The U.S. Justice Department has opened a criminal investigation into whether writer E. Jean Carroll committed perjury in connection with her civil lawsuits against President Donald Trump, sources familiar with the matter told CBS News and Reuters. CNN first reported the investigation.
The inquiry focuses on Carroll’s 2022 deposition statement that she had not received outside funding for her case, according to the reports. Legal filings later disclosed that Reid Hoffman, the LinkedIn co-founder, helped pay some of Carroll’s legal costs.
The Justice Department declined to comment to the BBC. CBS News said it had sought comment from the U.S. Attorney’s Office for the Northern District of Illinois and Carroll’s attorney, Roberta Kaplan, while CBC reported the department and Kaplan did not immediately respond to requests. No charges have been announced, and the opening of an investigation does not mean prosecutors will bring a case.
The investigation is being led by the U.S. Attorney’s Office for the Northern District of Illinois, sources told CBS News and the BBC. Acting Attorney General Todd Blanche, who represented Trump in some Carroll-related litigation, is recused from the matter, a source told CBS News.
Carroll, a former Elle advice columnist, accused Trump in 2019 of attacking her in the dressing-room area of Bergdorf Goodman in Manhattan in the mid-1990s. Trump has repeatedly denied the allegation.
Carroll won two civil cases against Trump. In 2023, a jury found Trump liable for sexual assault and defamation tied to comments he made in 2022 and awarded Carroll $5 million. In 2024, another jury found him liable for defamation over 2019 comments and awarded her $83.3 million. CBS News and the BBC reported that both judgments were upheld on appeal; the BBC reported Trump has asked the Supreme Court to overturn the first judgment and has vowed to challenge the other.

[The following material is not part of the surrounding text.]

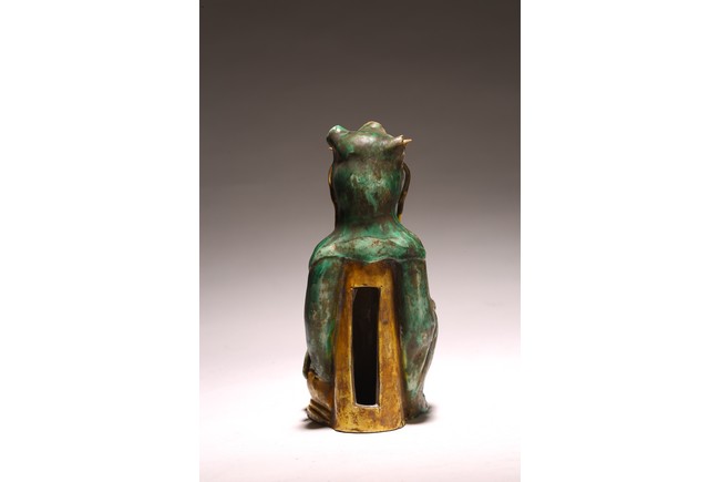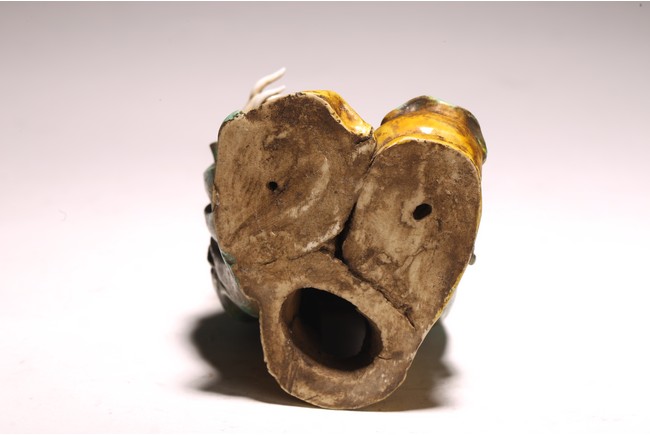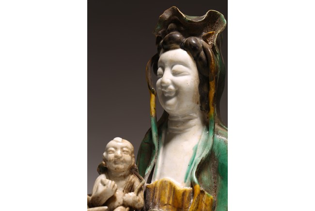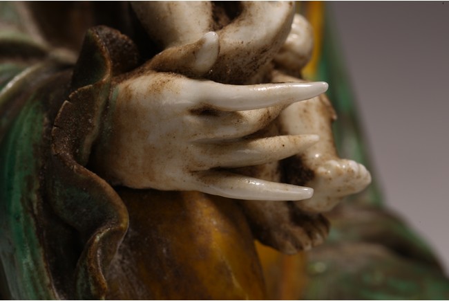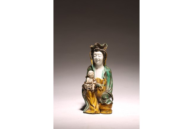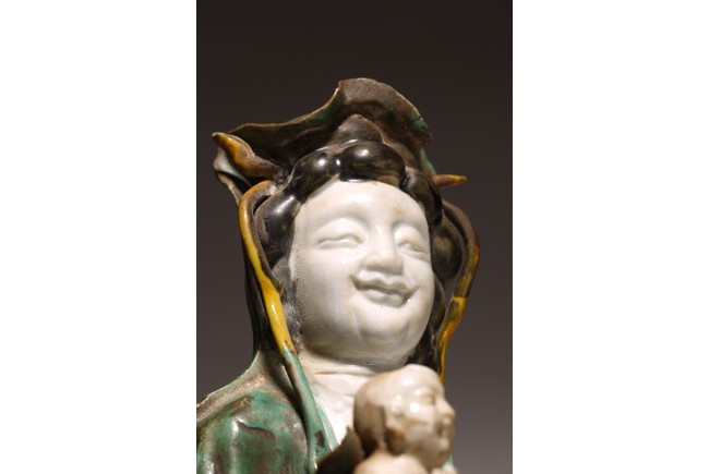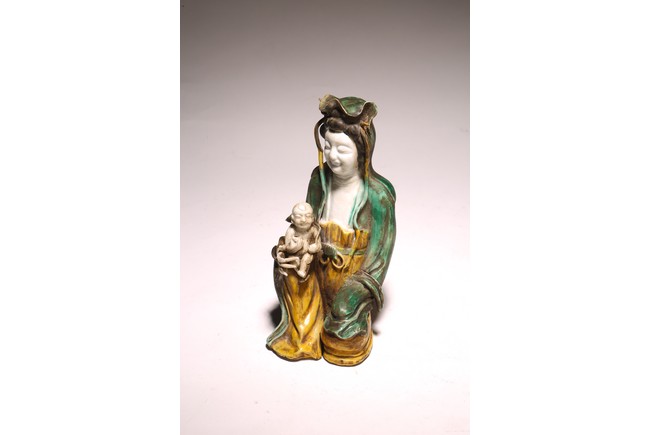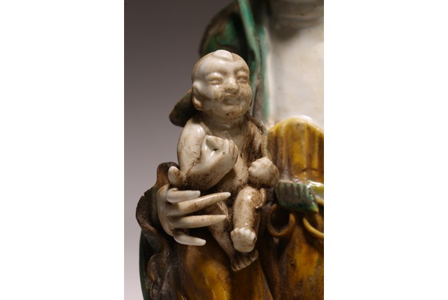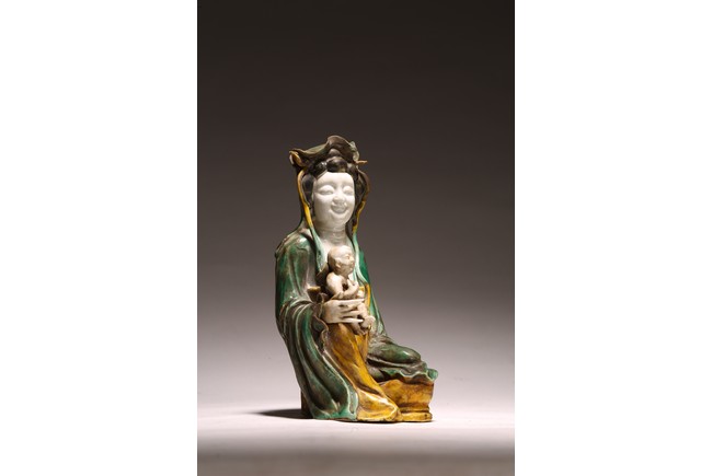 觀音面龐圓潤,長眉細眼,神色沉靜肅穆,髮髻高聳,頭戴發巾,著坦胸式寬袖大衣,飄逸自然,左手持童子,右手自然搭下。衣飾以素三彩裝飾,以黃、綠、褐三色為主。 來源: 俄亥俄州前 NASA 科學家私人收藏 Provenance: Property from an ex-NASA scientist's collection in Ohio
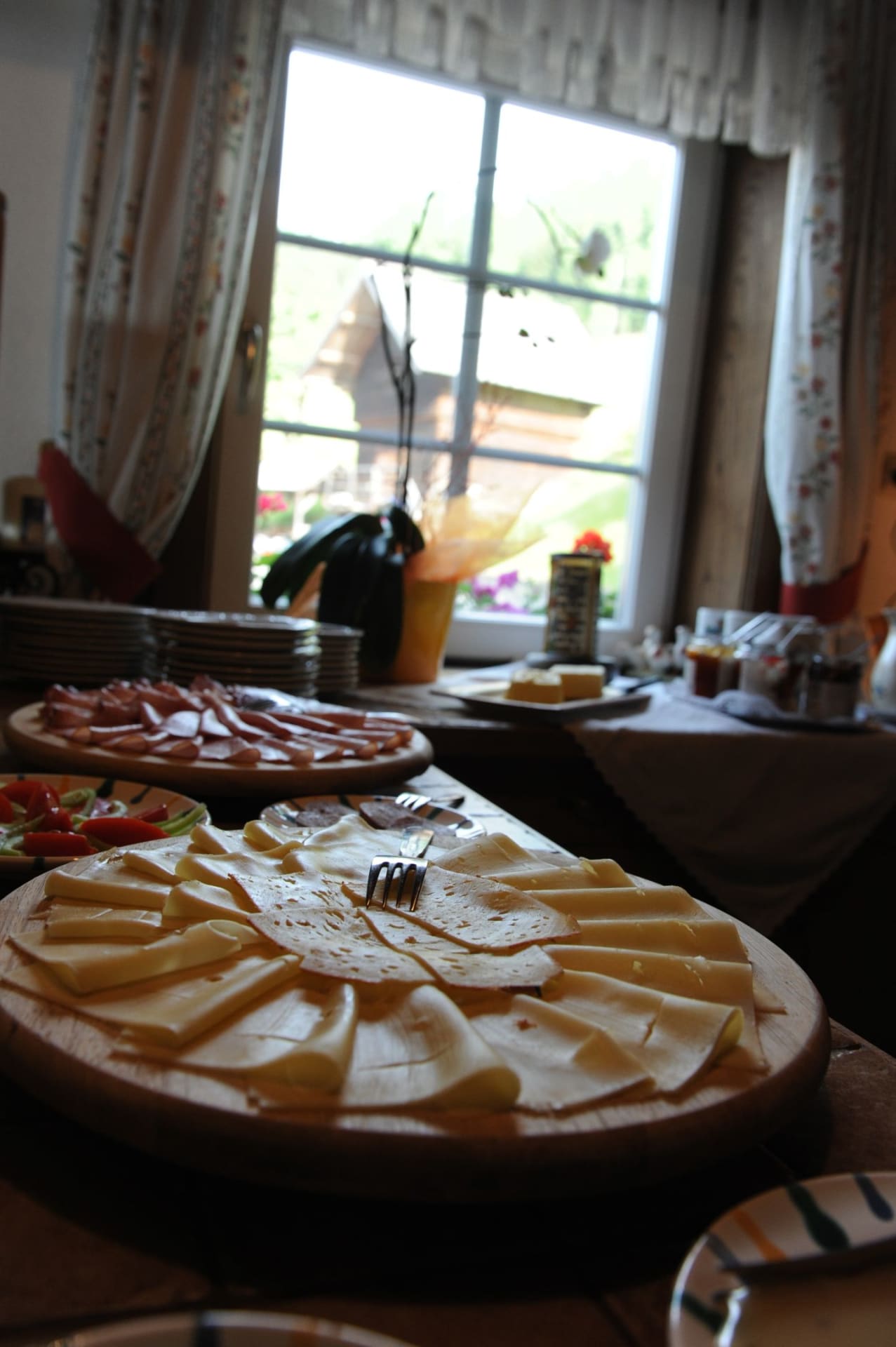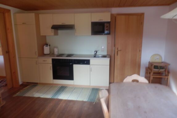 Willkommen in unserer geräumigen und charmanten Ferienwohnung im Erdgeschoss, die auf großzügigen 60 m² Platz für bis zu 5 Personen bietet. Diese Nichtraucherwohnung kombiniert den Komfort eines modernen Zuhauses mit dem gemütlichen Ambiente eines Altbaus. Sie verfügt über ein gemütliches Schlafzimmer mit einem komfortablen Doppelbett sowie ein separates, liebevoll eingerichtetes Kinderzimmer, ausgestattet mit einem Etagenbett und einem Gitterbett – perfekt für Familien mit kleinen Gästen. Ein zusätzliches Schlafsofa im Wohnbereich bietet weitere Schlafgelegenheiten. Die helle und voll ausgestattete Wohnküche lässt keine Wünsche offen. Hier finden Sie einen 4-Platten-Herd, Backofen, Mikrowelle, Kühlschrank und Wasserkocher, ideal für die Zubereitung eigener Mahlzeiten. Ein Fernseher und kostenfreies WLAN sorgen für Unterhaltung und Verbindung. Das moderne Badezimmer ist mit einer Dusche ausgestattet, und ein separates WC sorgt für zusätzlichen Komfort. Ein Haarföhn und frische Handtücher stehen Ihnen selbstverständlich zur Verfügung. Ein besonderes Highlight ist der direkte Zugang zu unserem idyllischen Garten, wo Sie entspannte Stunden verbringen können. Genießen Sie von hier aus oder aus den Fenstern die atemberaubende Aussicht auf die umliegende Berglandschaft. Diese Ferienwohnung ist der ideale Rückzugsort für unvergessliche Familienurlaube und Erholung pur.

The litigation-funding issue was already raised in the civil appeals. The U.S. Court of Appeals for the Second Circuit wrote in a 2024 ruling, quoted by CBS News and the BBC, that Carroll had “plausibly represented” that she had forgotten about limited outside funding obtained by counsel and that the record showed she was not involved in deciding who paid litigation costs.

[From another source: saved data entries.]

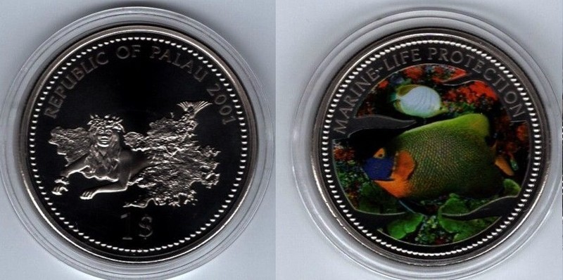 Coin: 2001 Palau Large Color $1 Greenish Tropical Fish/Bare-Breasted Mermaid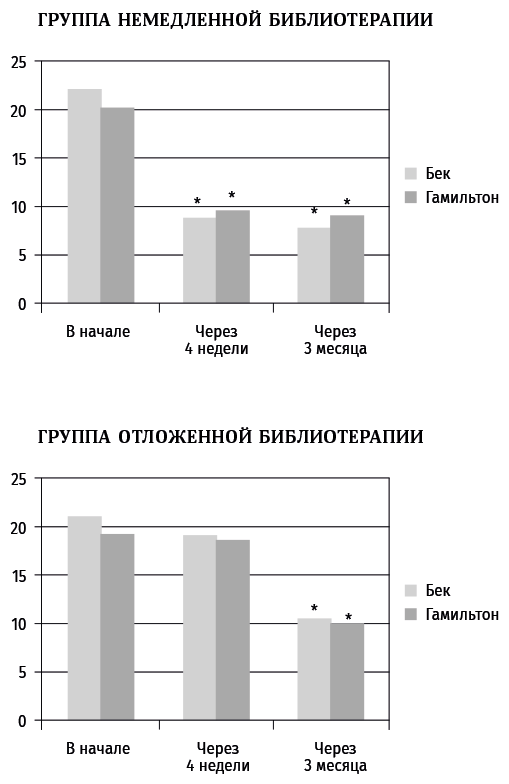 По прошествии четырех недель две группы сравнили. Как показано на рис. 3, состояние пациентов из группы немедленной библиотерапии значительно улучшилось. Средний показатель обоих тестов был около 10 или ниже — как считается, в пределах нормы. Эти изменения в уровне выраженности депрессии рассматриваются как значимые — статистически и клинически. Также видно, что результат этих пациентов сохранялся в течение последующих трех месяцев, и у них не было рецидивов. После завершения «лечения» даже отмечалась тенденция к дальнейшему улучшению состояния. Показатели уровня депрессии при повторном тесте через три месяца были еще ниже.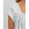 Пижама Eileen West (США) капри и свободного кроя блуза с коротким рукавом изготовлены из хлопкового трикотажа голубого цвета с цветочным принтом. Горловина и кокетка декорированы ажурным кружевом.

The reported investigation comes amid broader criticism from Democrats that the Justice Department under Trump has targeted his perceived adversaries since his return to office. CBC cited recent or reported investigations involving several Trump critics and former officials, and said Democratic Sen. Adam Schiff criticized the Carroll probe in a social media post.
The immediate next steps remain unclear, including whether prosecutors will seek testimony, documents or charges. For now, the matter remains at the investigative stage, with the department publicly declining to explain its rationale.